- **Requirement**:
From the entries below, list each line with "used".

· · · · ·

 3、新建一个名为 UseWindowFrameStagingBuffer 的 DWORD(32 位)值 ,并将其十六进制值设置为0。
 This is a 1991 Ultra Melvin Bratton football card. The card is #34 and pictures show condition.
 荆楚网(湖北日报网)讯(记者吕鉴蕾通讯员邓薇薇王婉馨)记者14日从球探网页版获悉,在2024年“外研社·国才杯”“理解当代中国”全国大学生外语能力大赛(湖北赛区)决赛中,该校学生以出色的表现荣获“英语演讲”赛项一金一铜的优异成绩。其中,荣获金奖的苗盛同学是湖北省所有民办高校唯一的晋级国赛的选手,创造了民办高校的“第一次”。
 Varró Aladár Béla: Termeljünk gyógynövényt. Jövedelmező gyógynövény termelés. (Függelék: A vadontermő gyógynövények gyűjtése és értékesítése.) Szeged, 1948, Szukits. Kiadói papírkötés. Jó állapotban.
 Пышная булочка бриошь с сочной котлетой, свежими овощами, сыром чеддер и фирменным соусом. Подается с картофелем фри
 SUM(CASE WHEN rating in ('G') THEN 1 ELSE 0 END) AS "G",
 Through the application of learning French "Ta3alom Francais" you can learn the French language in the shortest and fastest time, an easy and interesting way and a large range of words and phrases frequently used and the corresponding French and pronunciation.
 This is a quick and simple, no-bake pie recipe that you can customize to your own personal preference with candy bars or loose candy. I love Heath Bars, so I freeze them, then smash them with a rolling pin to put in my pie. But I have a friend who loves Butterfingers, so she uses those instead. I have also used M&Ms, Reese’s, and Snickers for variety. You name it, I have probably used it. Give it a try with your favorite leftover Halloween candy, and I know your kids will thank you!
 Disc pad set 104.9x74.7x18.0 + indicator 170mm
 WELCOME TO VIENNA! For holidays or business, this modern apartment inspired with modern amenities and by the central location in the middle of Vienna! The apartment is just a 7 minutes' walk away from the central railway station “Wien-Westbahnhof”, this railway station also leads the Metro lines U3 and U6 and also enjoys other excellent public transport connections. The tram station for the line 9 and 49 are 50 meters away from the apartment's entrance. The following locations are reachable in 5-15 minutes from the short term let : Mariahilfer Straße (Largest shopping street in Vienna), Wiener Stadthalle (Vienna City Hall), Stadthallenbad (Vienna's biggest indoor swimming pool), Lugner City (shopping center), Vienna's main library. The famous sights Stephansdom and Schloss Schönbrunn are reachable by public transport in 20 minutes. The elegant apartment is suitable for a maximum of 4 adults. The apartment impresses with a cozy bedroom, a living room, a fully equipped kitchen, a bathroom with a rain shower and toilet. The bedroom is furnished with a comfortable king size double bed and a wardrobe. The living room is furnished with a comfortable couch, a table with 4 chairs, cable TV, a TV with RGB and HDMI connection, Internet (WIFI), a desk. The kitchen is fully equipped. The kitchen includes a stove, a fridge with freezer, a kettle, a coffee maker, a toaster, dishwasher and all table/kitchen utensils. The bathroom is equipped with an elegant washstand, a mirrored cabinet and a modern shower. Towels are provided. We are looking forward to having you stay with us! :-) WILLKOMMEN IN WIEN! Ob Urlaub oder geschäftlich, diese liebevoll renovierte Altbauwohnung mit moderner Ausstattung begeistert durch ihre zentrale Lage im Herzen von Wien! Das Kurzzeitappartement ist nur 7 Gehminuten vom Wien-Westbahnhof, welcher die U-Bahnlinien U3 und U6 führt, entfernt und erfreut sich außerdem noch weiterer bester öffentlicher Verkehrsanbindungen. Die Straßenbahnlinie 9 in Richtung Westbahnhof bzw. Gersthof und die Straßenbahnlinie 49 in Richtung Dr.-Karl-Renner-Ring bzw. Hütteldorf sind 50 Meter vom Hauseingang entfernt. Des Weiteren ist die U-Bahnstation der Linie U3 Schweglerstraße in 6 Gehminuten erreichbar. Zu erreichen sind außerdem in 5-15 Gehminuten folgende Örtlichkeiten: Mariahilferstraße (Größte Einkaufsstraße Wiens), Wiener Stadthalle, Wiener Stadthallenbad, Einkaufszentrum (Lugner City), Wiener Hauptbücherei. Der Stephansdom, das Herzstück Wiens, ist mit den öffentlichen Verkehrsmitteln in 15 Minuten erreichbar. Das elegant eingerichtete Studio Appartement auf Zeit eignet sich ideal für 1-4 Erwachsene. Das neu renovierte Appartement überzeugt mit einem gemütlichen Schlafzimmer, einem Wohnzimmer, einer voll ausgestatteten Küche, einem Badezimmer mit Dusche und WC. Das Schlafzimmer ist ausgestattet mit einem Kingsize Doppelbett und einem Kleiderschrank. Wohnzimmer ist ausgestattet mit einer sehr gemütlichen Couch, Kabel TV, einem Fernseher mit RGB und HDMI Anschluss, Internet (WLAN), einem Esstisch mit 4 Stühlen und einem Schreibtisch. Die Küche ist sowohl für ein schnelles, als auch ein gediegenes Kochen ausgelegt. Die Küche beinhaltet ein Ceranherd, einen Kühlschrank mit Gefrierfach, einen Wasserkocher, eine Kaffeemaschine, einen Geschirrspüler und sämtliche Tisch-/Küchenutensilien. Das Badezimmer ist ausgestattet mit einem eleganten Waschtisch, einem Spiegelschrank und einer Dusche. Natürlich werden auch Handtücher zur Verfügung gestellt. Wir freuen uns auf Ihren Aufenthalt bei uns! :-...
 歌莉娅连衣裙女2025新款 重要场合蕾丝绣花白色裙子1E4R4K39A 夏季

· · · · ·

- **Written reply**:
 Through the application of learning French "Ta3alom Francais" you can learn the French language in the shortest and fastest time, an easy and interesting way and a large range of words and phrases frequently used and the corresponding French and pronunciation.
 This is a quick and simple, no-bake pie recipe that you can customize to your own personal preference with candy bars or loose candy. I love Heath Bars, so I freeze them, then smash them with a rolling pin to put in my pie. But I have a friend who loves Butterfingers, so she uses those instead. I have also used M&Ms, Reese’s, and Snickers for variety. You name it, I have probably used it. Give it a try with your favorite leftover Halloween candy, and I know your kids will thank you!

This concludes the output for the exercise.